There’s a hue-and-cry of a lack of socio-economic development, depressed community investments, loss of jobs, and police targeting black men. Politically, after forty years of Democratic control, they’re left with soaring crime, high unemployment, and rampant drug abuse. With a Democratic black mayor, and all black administration, including the police commissioner, and city council, according to the “Ferguson DOJ model,” this minority controlled composition, one would have expected a different outcome. Who’ll the new Attorney General blame?

Torching one’s own neighborhood is a flawed economic recovery paradigm. Corporate big-box stores won’t rebuild in the face of public safety concerns. Citizens of urban cities, run by liberal democratic administrations, have been disarmed, left to be protected by law enforcement who are often unable to adequately protect them. Stores owners can’t defend their property against looters. Gun control always punishes the law-biding. Chicago, New York City, Baltimore and Trenton, sadly confirm that truth. The liberal New York City Mayor hamstrung the police just like Baltimore Mayor’s mimicked version. A liberal policing bent that’s inexplicable to reasonable liberty minded, law-biding citizens in Wyoming.

Patrick Daniel Moynihan was vilified for his 1965 report, The Negro Family: The Case for National Action. His study morphed into “previews of coming attractions.” At the time, he was Assistant Secretary of Labor, and later liberal Democratic Senator, N.Y., wrote that black poverty’s deep roots were found in the relative absence of the nuclear family. He argued, that the rise in single-family mother families, was not due to lack of jobs, but rather a destructive vein in the ghetto culture. It was a cocktail for disaster. His argument defied conventional wisdom of the time, predicting the coming destruction from the out-of-wedlock birthrate at 25% among blacks.

They’re treating symptoms in Baltimore. It’s not a police problem. Jesse Jackson remarked at Gray’s funeral, “We need less policeman.” No one needs more police than those “urban war zones.” Is this the “language of the unheard?” Justification for lawless actions? The anger was palpable. Years of anger may be linked to the choices and behaviors that these blacks made, and continue to make, bolstering Moynihan’s general conclusion, “The steady expansion of welfare programs can be taken as a measure of the steady disintegration of the Negro family structure over the past generations of the United States.”

Not surprisingly, over the years, that report has been dismissed by NAACP leadership. In 2012, President Obama captured 87% of Baltimore’s vote. In Baltimore, a single mother with two children may quality for seven “ensnaring social webs” that total about $36,000 annually. Why work? Where’s the incentive?

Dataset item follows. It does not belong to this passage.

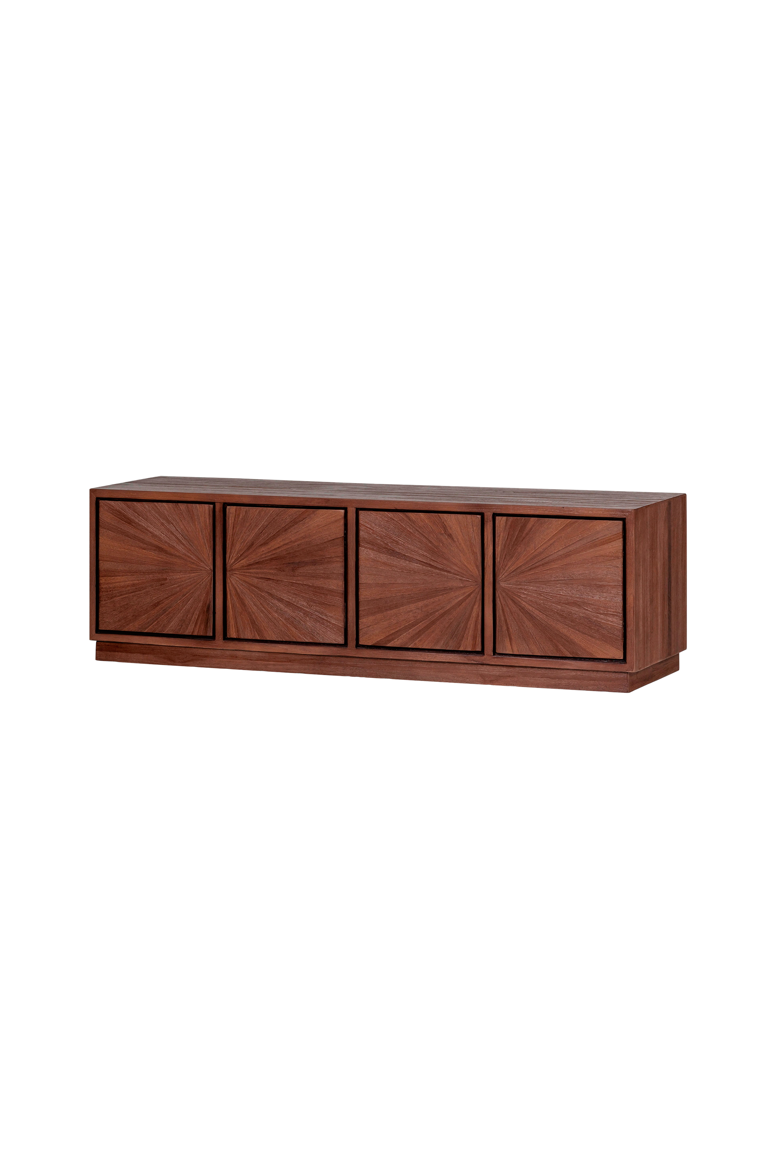 Etsitkö tyylikästä ja käytännöllistä tv-kaappia? Valitse sitten Sun! Sun-tv-kaappi kuuluu hollantilaisen sisustusbrändin Wooodin mallistoon ja on valmistettu kierrätetystä tiikipuusta. Hienostuneet yksityiskohdat ovissa antavat kaapille ainutlaatuisen, käsityöläisen ilmeen. Neljän oven takana on runsaasti säilytystilaa laitteille tai muille tarvikkeille. Näin voit säilyttää kaiken vaivattomasti!

Plucky black pastors and their congregations hit the streets to help quell the violence, forming prayer groups, and encouraging peaceful protestors. They mobilized their youth to help clean up the debris. Perhaps they understood better than most, it’s ultimately spiritual poverty. The government doesn’t create wealth. However, is it a matter of wealth? Jesus reminded us, “For what shall it profit a man, if he gains the whole world, and loses his own soul.” And, to the liberal elite, there’s no conservative finger prints on this failed experiment. What do you think?